=== Work item ===
An image-free, word-for-word version of the records below is to be returned.

=== Study material ===
━━━━━━━━━━

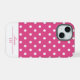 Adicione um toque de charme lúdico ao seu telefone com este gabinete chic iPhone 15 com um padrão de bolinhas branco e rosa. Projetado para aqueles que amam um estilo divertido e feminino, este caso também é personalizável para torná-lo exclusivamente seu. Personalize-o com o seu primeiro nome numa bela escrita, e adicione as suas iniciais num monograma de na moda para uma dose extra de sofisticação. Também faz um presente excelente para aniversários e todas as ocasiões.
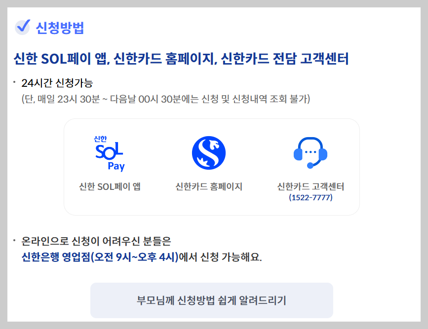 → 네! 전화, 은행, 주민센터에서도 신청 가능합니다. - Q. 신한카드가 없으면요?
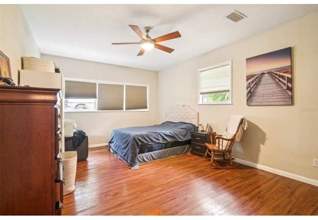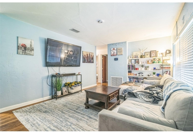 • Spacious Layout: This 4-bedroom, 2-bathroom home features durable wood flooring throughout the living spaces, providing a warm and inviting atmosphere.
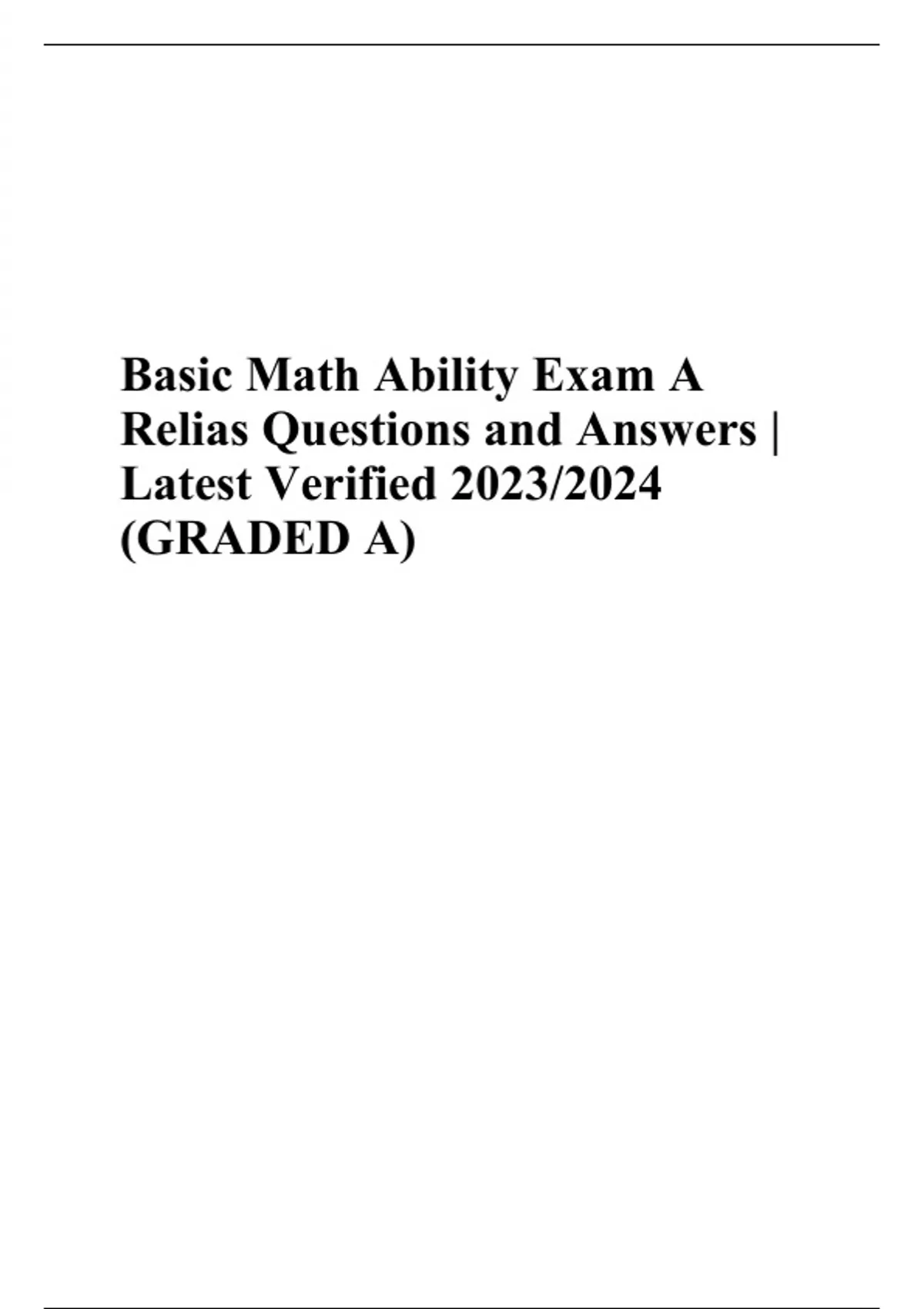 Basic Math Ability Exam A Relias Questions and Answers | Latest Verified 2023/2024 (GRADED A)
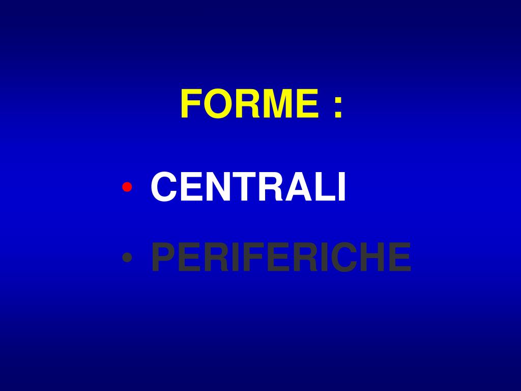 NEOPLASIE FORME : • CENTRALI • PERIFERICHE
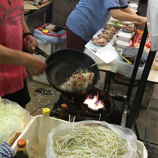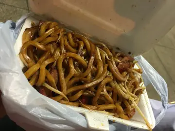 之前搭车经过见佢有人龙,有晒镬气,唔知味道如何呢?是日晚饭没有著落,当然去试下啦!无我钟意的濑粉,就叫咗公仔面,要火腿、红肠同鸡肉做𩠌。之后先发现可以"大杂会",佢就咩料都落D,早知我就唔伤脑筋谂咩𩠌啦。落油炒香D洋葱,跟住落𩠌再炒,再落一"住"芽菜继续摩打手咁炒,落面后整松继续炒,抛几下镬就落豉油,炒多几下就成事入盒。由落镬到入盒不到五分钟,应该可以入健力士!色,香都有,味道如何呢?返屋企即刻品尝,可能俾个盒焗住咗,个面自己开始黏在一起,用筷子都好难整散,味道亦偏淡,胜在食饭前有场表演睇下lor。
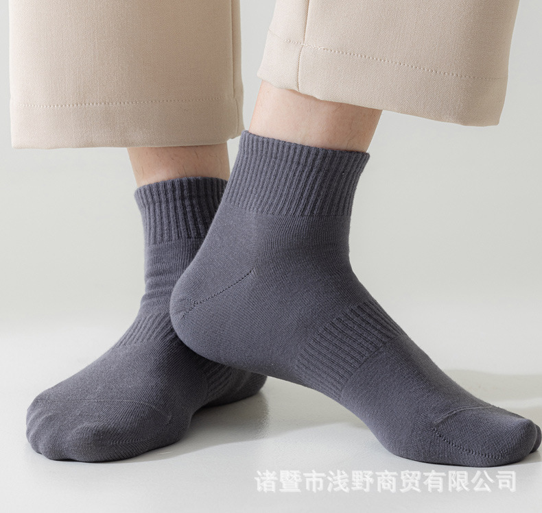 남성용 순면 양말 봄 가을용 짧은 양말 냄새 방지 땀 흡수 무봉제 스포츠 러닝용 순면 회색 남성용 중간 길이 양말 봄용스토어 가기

━━━━━━━━━━

=== The answer ===
 Adicione um toque de charme lúdico ao seu telefone com este gabinete chic iPhone 15 com um padrão de bolinhas branco e rosa. Projetado para aqueles que amam um estilo divertido e feminino, este caso também é personalizável para torná-lo exclusivamente seu. Personalize-o com o seu primeiro nome numa bela escrita, e adicione as suas iniciais num monograma de na moda para uma dose extra de sofisticação. Também faz um presente excelente para aniversários e todas as ocasiões.
 → 네! 전화, 은행, 주민센터에서도 신청 가능합니다. - Q. 신한카드가 없으면요?
 • Spacious Layout: This 4-bedroom, 2-bathroom home features durable wood flooring throughout the living spaces, providing a warm and inviting atmosphere.
 Basic Math Ability Exam A Relias Questions and Answers | Latest Verified 2023/2024 (GRADED A)
 NEOPLASIE FORME : • CENTRALI • PERIFERICHE
 之前搭车经过见佢有人龙,有晒镬气,唔知味道如何呢?是日晚饭没有著落,当然去试下啦!无我钟意的濑粉,就叫咗公仔面,要火腿、红肠同鸡肉做𩠌。之后先发现可以"大杂会",佢就咩料都落D,早知我就唔伤脑筋谂咩𩠌啦。落油炒香D洋葱,跟住落𩠌再炒,再落一"住"芽菜继续摩打手咁炒,落面后整松继续炒,抛几下镬就落豉油,炒多几下就成事入盒。由落镬到入盒不到五分钟,应该可以入健力士!色,香都有,味道如何呢?返屋企即刻品尝,可能俾个盒焗住咗,个面自己开始黏在一起,用筷子都好难整散,味道亦偏淡,胜在食饭前有场表演睇下lor。
 남성용 순면 양말 봄 가을용 짧은 양말 냄새 방지 땀 흡수 무봉제 스포츠 러닝용 순면 회색 남성용 중간 길이 양말 봄용스토어 가기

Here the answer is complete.